Government announces sweeping changes to Limited Liability Company Law

In the wake of various judgments from the European Court of Justice which have held that the previous rules in various Member States (including Germany) which refused to recognise the legal existence of a company which had been incorporated in another EU member state, but had its actual headquarters in another Member State violated Community Law, German entrepreneurs were in a rush to form limited companies in particular in the U.K. This promted the Government to react with the new bill in order to stem to tide of companies being “flagged out”.

Under the proposed legislation, intended to come into effect on October 1, 2007, the minimum capital for the formation of a GmbH would be reduced from € 25,000 to € 10,000. Furthermore, and much more importantly, the proposal intends to do away more or less completely with a very crucial limb of the doctrine of corporate law, that is, the treatment of shareholder loans as quasi-equity.

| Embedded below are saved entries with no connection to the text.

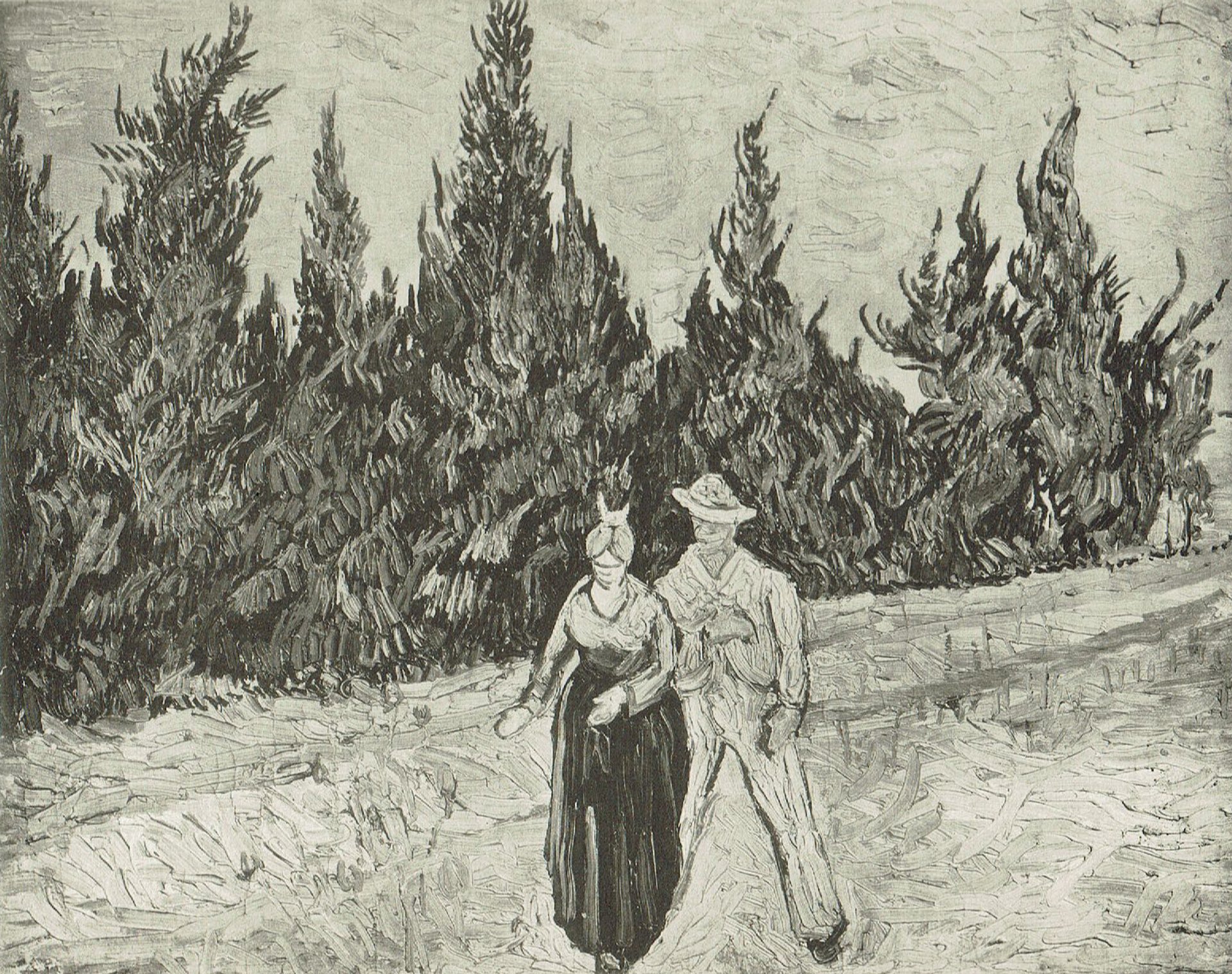 Vincent made a small sketch of the painting in a letter to his brother, along with a short description: “A row of green cypresses against a pink sky with a pale lemon crescent moon. Foreground a piece of waste land, and some sand and a few thistles. Two lovers, the man pale blue with a yellow hat, the woman has a pink bodice and a black skirt.” A number of other Van Gogh paintings include a pair of lovers in a sylvan setting—completed at a time when he was searching for companionship.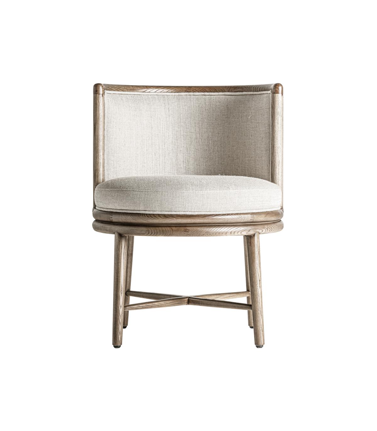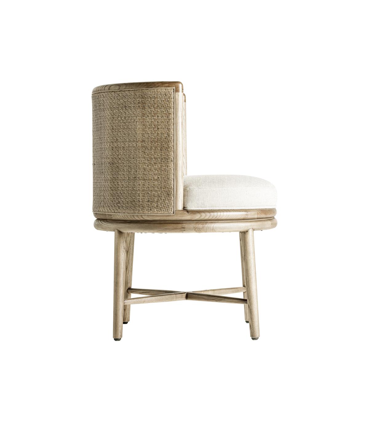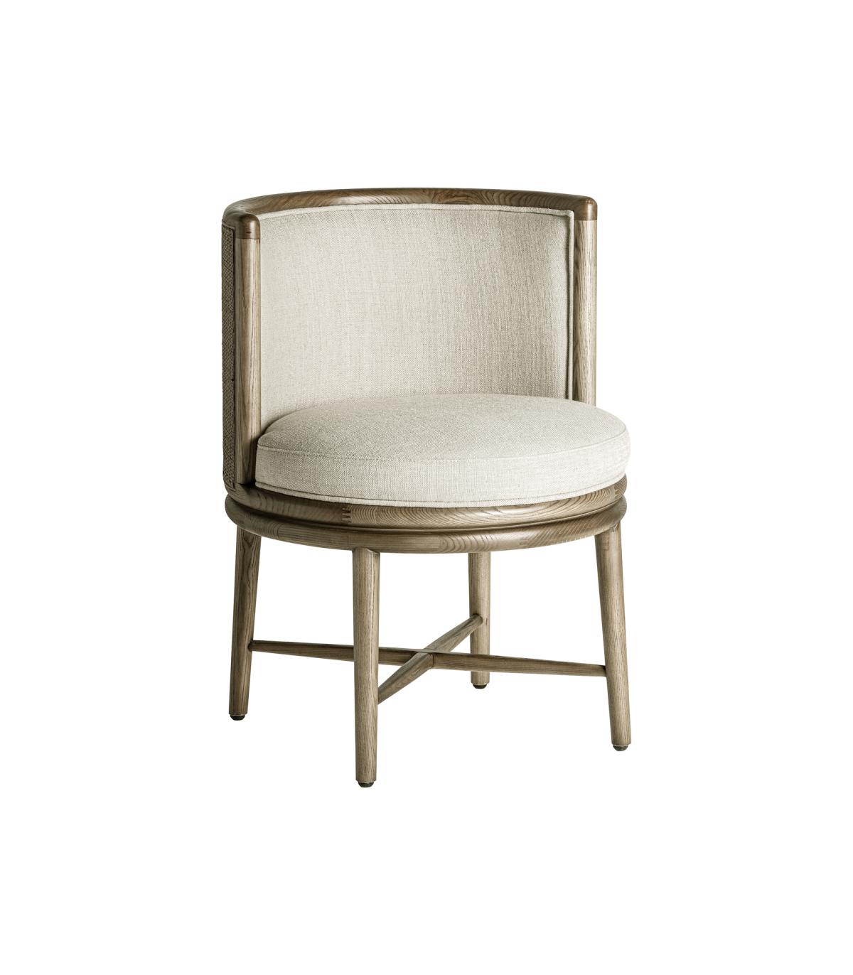 Silla varaire de estilo colonial fabricado en madera roble en color marrón combinado con poliéster en color blanco.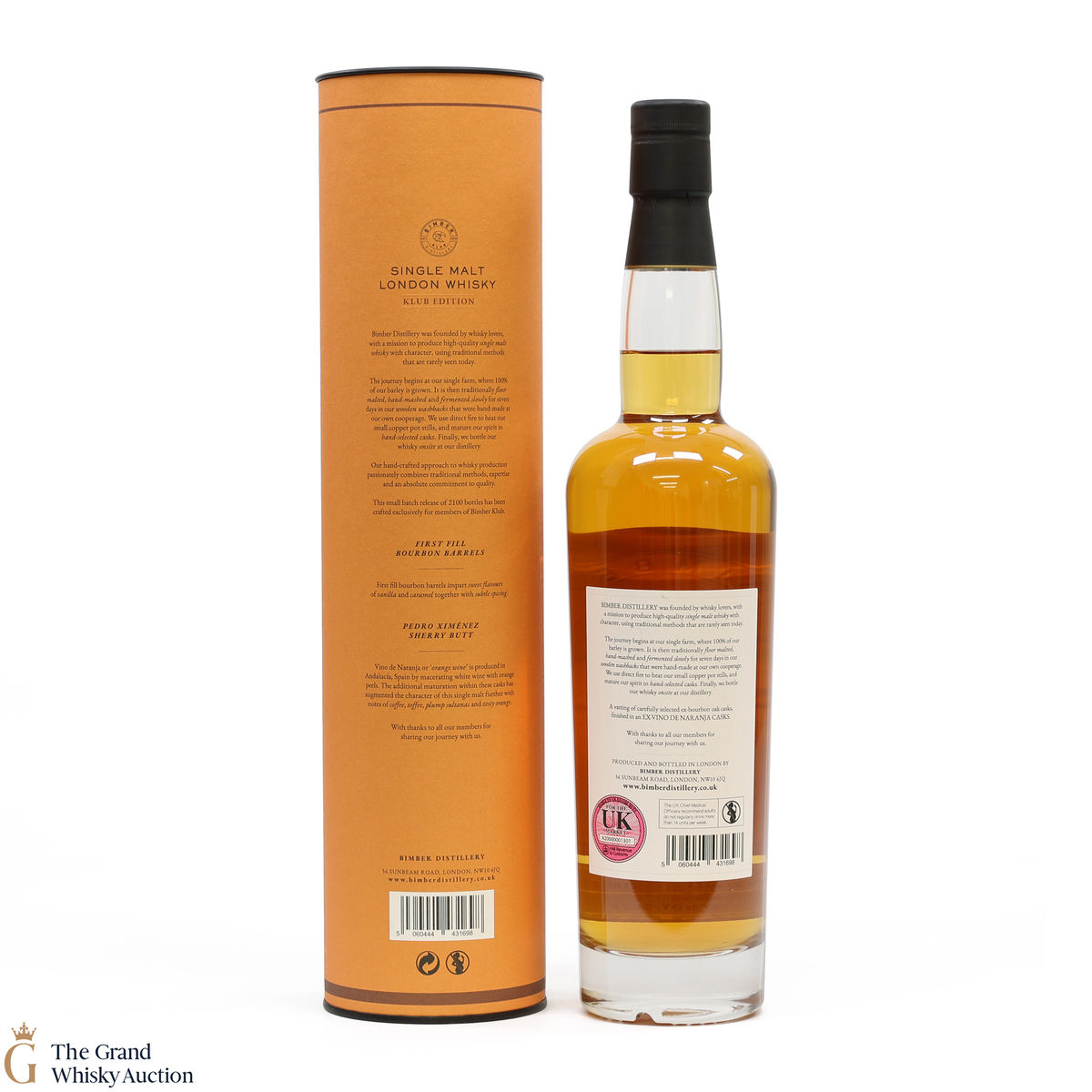 This Bimber release was bottled exclusively for the Bimber Klub as release No.2. The release is composed of spirits initially matured in 1st fill American oak ex-bourbon barrels which were then expertly married and finished in Vino de Naranja casks. A release of 2100 bottles.

The rules applicable in this regard have over the years evolved into one of the most murky and controversial parts of corporate law in Germany, not only making it very difficult for legal scholars and practicioners to find their way through the jungle, but also for investors to apply internationally recognized financing techniques such as debt push-downs, upstream loans and intra-group cash-pooling arrangements. If adopted, the new rules would simply provide that shareholder loans which were given within the last year prior to the insolvency of a GmbH will not be permissible as debts in the insolvency (i.e., are subordinated) and that any repayments (including interest) made during such period can be challenged by the trustee in bankruptcy.

Even though it is not clear at this point to what extent the proposed rules will ultimately be adopted, it should be noted that the bill sends a very important message in particular to investors from abroad as it aims to bring German corporate law more into line with internationally recognized standards and thus helps to increase the attractiveness of Germany for foreign investors.